After much consideration, here’s what I’m planning to make this year. Now, I very rarely print recipes and follow them to a tee. But these are the loose guidelines I’ll be using to prepare my feast.
- Simple Appetizers – I’ll be honest, I don’t really like messing around with appetizers for Thanksgiving. I don’t want people to spoil their dinners, and I want to focus my cooking attention on the main event. This year, I plan to put out some sausage, cheese and crackers from Harry & David and call it good.
- Sourdough, Wild Mushroom & Bacon Dressing by Bobby Flay – I usually put mushrooms in with the green beans, but this year, it’s going in the stuffing! I also rarely (or ever?) use bacon in my Thanksgiving dinner, so this should be interesting.
- Sauteed Apples with Thyme by Martha Stewart – I won’t need to follow the “recipe” for this at all. It’s a simple five-minute dish that can be prepared at the last moment while the turkey is being carved. I just thought that since apples pair so wonderfully with roasted pork, they’d work pretty well alongside turkey, too. And it’s not like they’ll be a shortage of fresh herbs in the kitchen.
Middle Row, Left To Right
- Cranberry Compote with Riesling and Pears by Williams-Sonoma Kitchen – My mom is one of the few people around my Thanksgiving table who likes cranberry sauce. She also loves riesling wine, so this one seemed like a no-brainer. Just need to pick up some star anise pods, and I’m all set.

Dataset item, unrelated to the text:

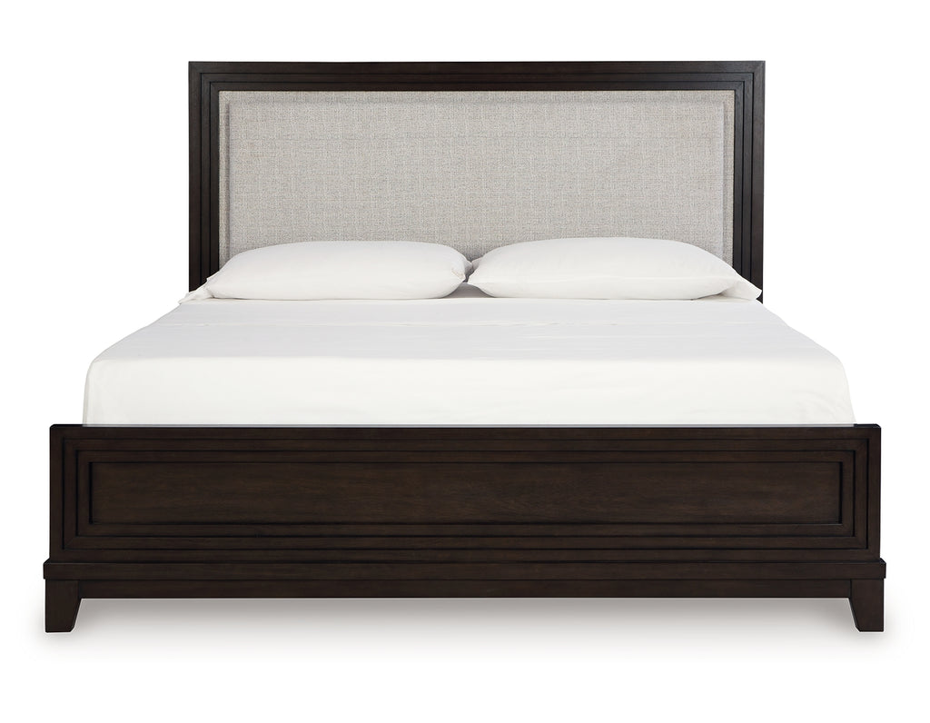 Neymorton King Upholstered Panel Bed with Dresser and 2 Nightstands

- Good Eats Roast Turkey by Alton Brown – Remember when I interviewed Alton? I almost ended up mumbling something about how I use his turkey recipe every year, and it’s the best turkey ever. It is. Also, this recipe sets some sort of world record for fastest turkey cooking ever. The recipe says it takes 2-1/2 hours to cook, but last year, our turkey was done in 1 hour, 55 minutes. Seriously. A 14-pound bird cooked in under 2 hours. So fast, so tasty.
- How To Make Gravy Without A Recipe by Food52 – I just wing the gravy. And to be honest, some years it turns out better than others. One year, it was all thick and gloppy. My goal for this year is to just get the damn gravy right, by using these tips. I’m starting with homemade turkey stock, which should help the flavor situation.
Bottom Row, Left To Right
- Sour Cream Mashed Potatoes by Bon Appetit – Have potato ricer, will travel. It’s pretty hard to mess up mashed potatoes when you’re using cream, milk, sour cream AND butter, right? Hey, I literally make mashed potatoes once a year. I’m doing it right.
- Apple-Walnut Galette by Food Network Magazine – I’ve been making this for the past three years, and everybody seems to love it. The homemade walnut butter really makes it. While I love the rustic nature of a galette, I may make it in a tart pan for a prettier, more formal presentation this year.
- Brûléed Bourbon-Maple Pumpkin Pie by Bon Appetit- It’s a pumpkin pie. With bourbon. And maple syrup. And I get to use my blowtorch, which is one of my favorite activities. How can I go wrong with this? I’ll be using regular pie crust instead of the chocolate, though. There’s 364 other days of the year to eat chocolate. I don’t eat it at Thanksgiving.
- Green Beans – My dad is makin’ these! Last I heard, he was thinking something along the lines of Green Bean Salad with Basil, Balsamic and Parmesan.
- Roasted Sweet Potatoes – My mother-in-law always makes these, and tosses them with pecans. No marshmallows in sight. You guys know how I feel about marshmallows.
- Dinner Rolls with Parmesan-Chive Compound Butter – My mother-in-law also makes her famous bread rolls, and I whip up a simple flavored butter for spreading. Compound butter is a five-minute activity, but it really seems special when it’s out on the table.
- Kale Salad with Lemon-Tahini Dressing – I know many would disagree, but I feel that Thanksgiving isn’t complete without a salad. I love one with a bright, acidic dressing that cuts through all the richness on the plate.